= List of colleges in Alberta =

Colleges in Alberta may refer to several types of educational institutions. College in Canada most commonly refers to a career-oriented post-secondary institution that provides vocational education or education in applied arts, applied technology and applied science. These publicly funded institutions are known as comprehensive community colleges and polytechnic institutions and provide apprenticeships, certificates, and diploma programs. Comprehensive community colleges may also provide undergraduate programs in collaboration with a university, while polytechnic institutions may also provide select undergraduate programs approved by the provincial government.

In addition to publicly funded institutions, several privately funded post-secondary institutions also use the term college in their name. This includes private career colleges licensed by the province, faith-based institutions, and several other types of post-secondary institutions.

==Public institutions==
All publicly funded post-secondary institutions, including comprehensive community colleges, polytechnic institutions, and other institutions like the Banff Centre are governed under provincial legislation called the Post-secondary Learning Act.

===Comprehensive community colleges===
Comprehensive community colleges are publicly funded post-secondary institutions with a focus on providing vocational skills in specific fields, as well as providing continuing education programs and academic upgrading needed for admission into other institutions (like universities in Alberta). These institutions may conduct research that supports economic and social development in their region.

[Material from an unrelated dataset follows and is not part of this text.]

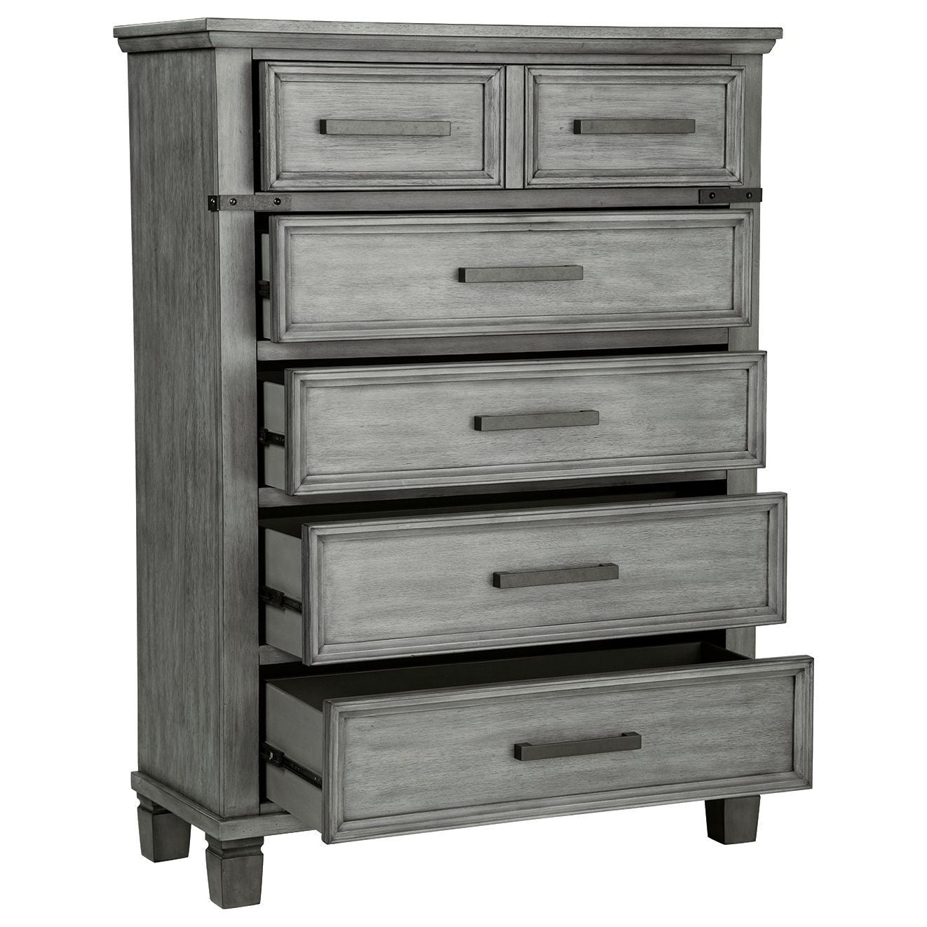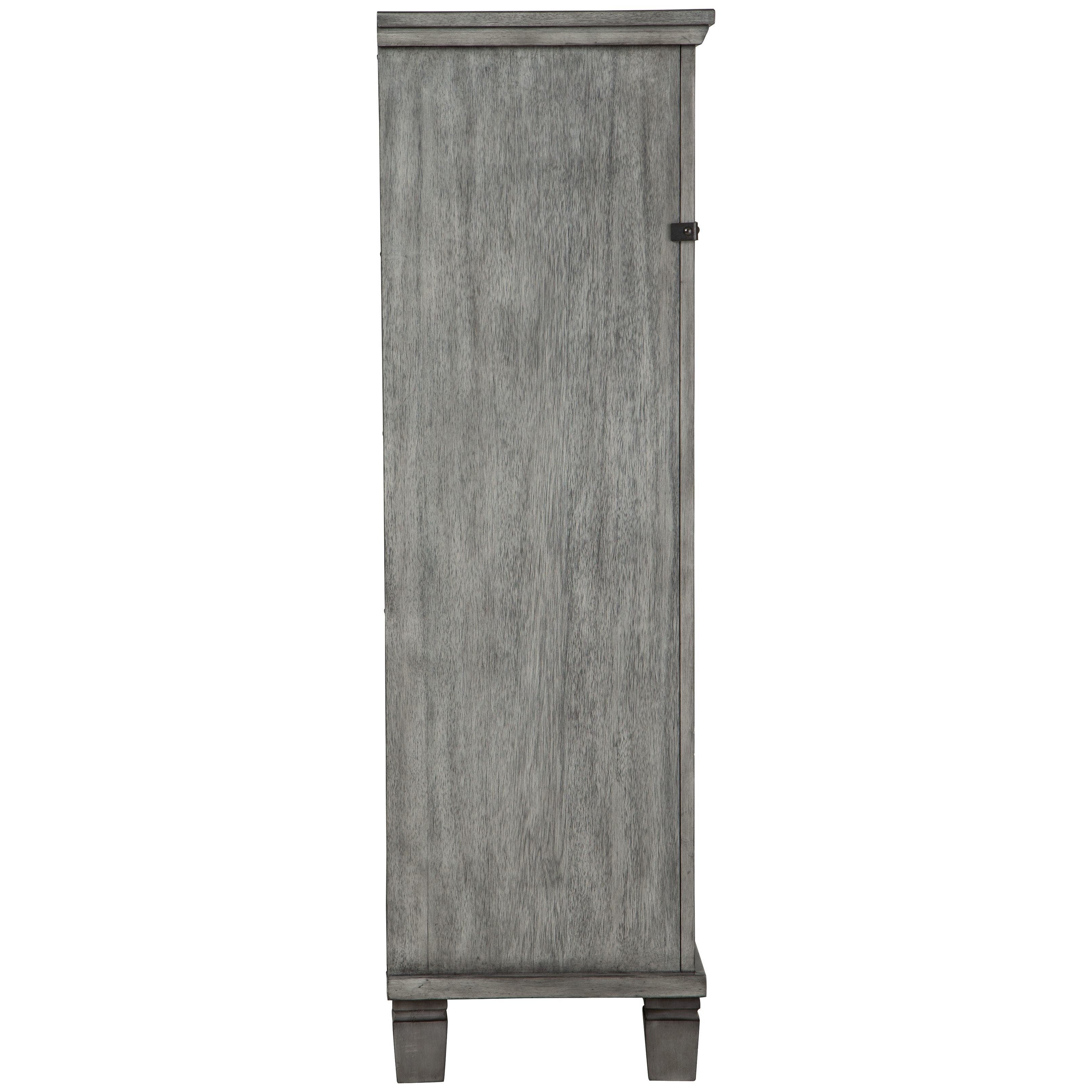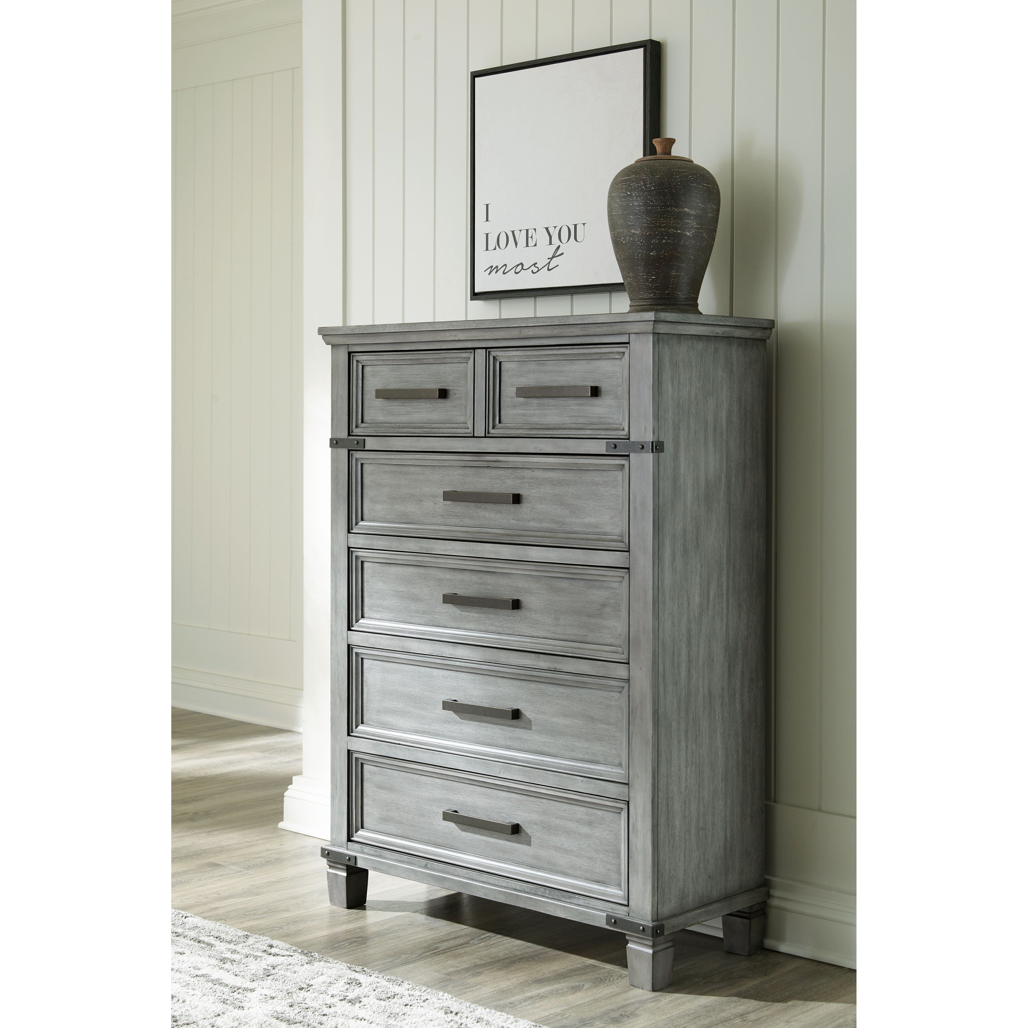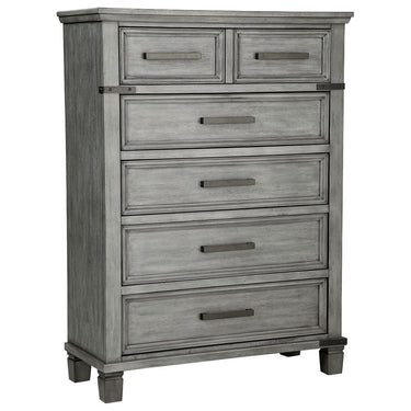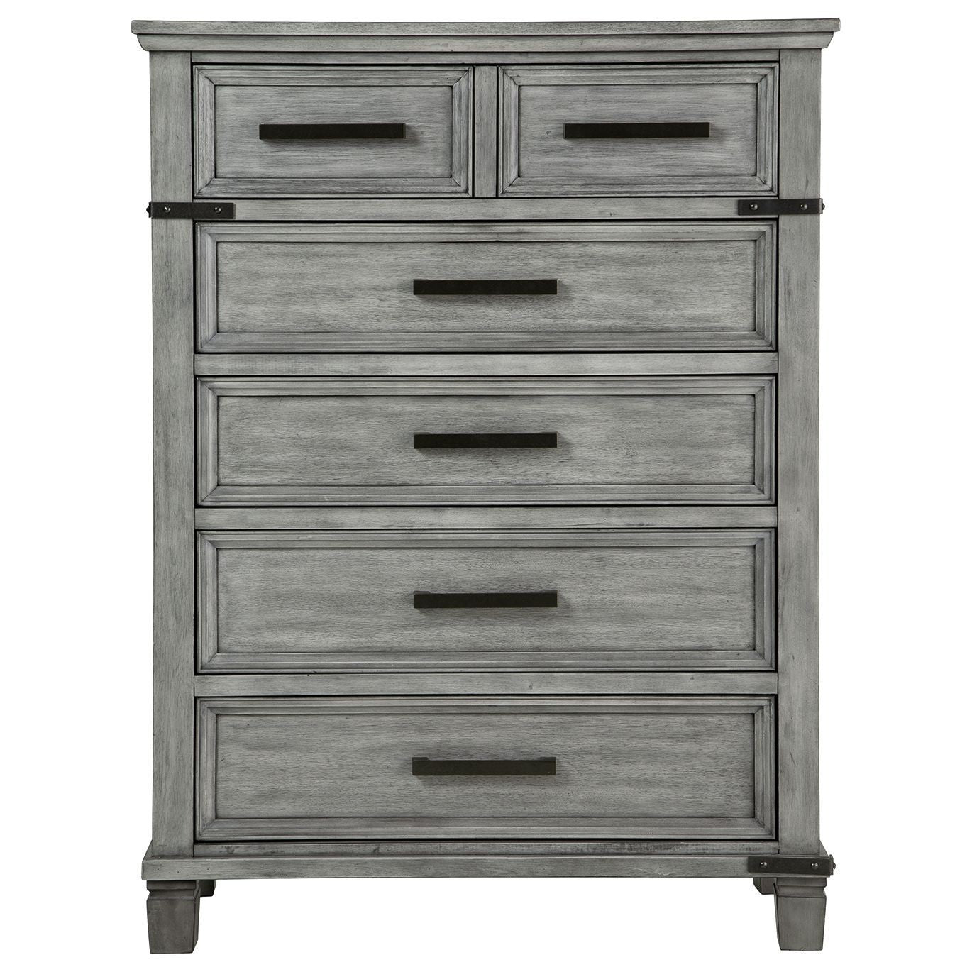 What's old is what's new with this chest. Serving up a fresh look in urban farmhouse style, the eclectic piece features a light weathered gray finish with dark aged bronze-tone bar pulls and metal straps for a casually cool sensibility. Profiled drawer frames, thick-profiled top moulding and tapered legs are the earmarks of timeless design.

These institutions provide certificate and diploma programs. These institutions may also provide apprenticeships for technical training programs and undergraduate programs in collaboration with a university.

The following is a list of publicly funded comprehensive community colleges:

| Institution | Main campus | Primary geographic service area | Founded |
|---|---|---|---|
| Bow Valley College | Calgary | Calgary Metropolitan Region | 1965 |
| Keyano College | Fort McMurray | Northeastern Alberta | 1965 |
| Lakeland College | Lloydminster | East Central Alberta | 1913 |
| Medicine Hat College | Medicine Hat | Southeastern Alberta | 1965 |
| NorQuest College | Edmonton | Edmonton Metropolitan Region | 1965 |
| Northern Lakes College | Slave Lake | North Central Alberta | 1999 |
| Olds College | Olds | Central Alberta | 1913 |
| Portage College | Lac La Biche | East Central Alberta | 1968 |

===Polytechnic institutions===
Polytechnic institutions are publicly funded post-secondary institutions with a focus on industry and vocational training, as well as technical programming. These institutions also provide programs for academic upgrading and continuing education programs. These institutions may conduct research and scholarly activities that align with the credentials they offer or are focused on strengthening economic development in the province.

These institutions provide apprenticeships, certificate, and diploma programs. These institutions may also provide select undergraduate programs approved by the provincial government.

The following is a list of publicly funded comprehensive community colleges:

| Institution | Location | Primary geographic service area | Founded |
|---|---|---|---|
| Lethbridge Polytechnic | Lethbridge | Southwestern Alberta | 1957 |
| Northern Alberta Institute of Technology | Edmonton | Northern Alberta | 1962 |
| Northwestern Polytechnic | Grande Prairie | Northwestern Alberta | 1966 |
| Red Deer Polytechnic | Red Deer | Central Alberta | 1964 |
| Southern Alberta Institute of Technology | Calgary | Southern Alberta | 1916 |

===Other public institutions===
There is one publicly funded institution in Alberta with a specialized focus on the fine arts and culture, the Banff Centre for Arts and Creativity, based in Banff. As opposed to other publicly funded comprehensive community colleges and polytechnic institutions, the Banff Centre services the entire province. The Banff Centre provides certificate and diploma programs and is permitted to conduct research and scholarly activities that align with the credentials they offer.

==Private institutions==
===Private career college===
There are over 190 private career colleges based in Alberta that offer various career training and vocational programs. All private career colleges are licensed under the Provincial Vocational Training Act and its related regulations.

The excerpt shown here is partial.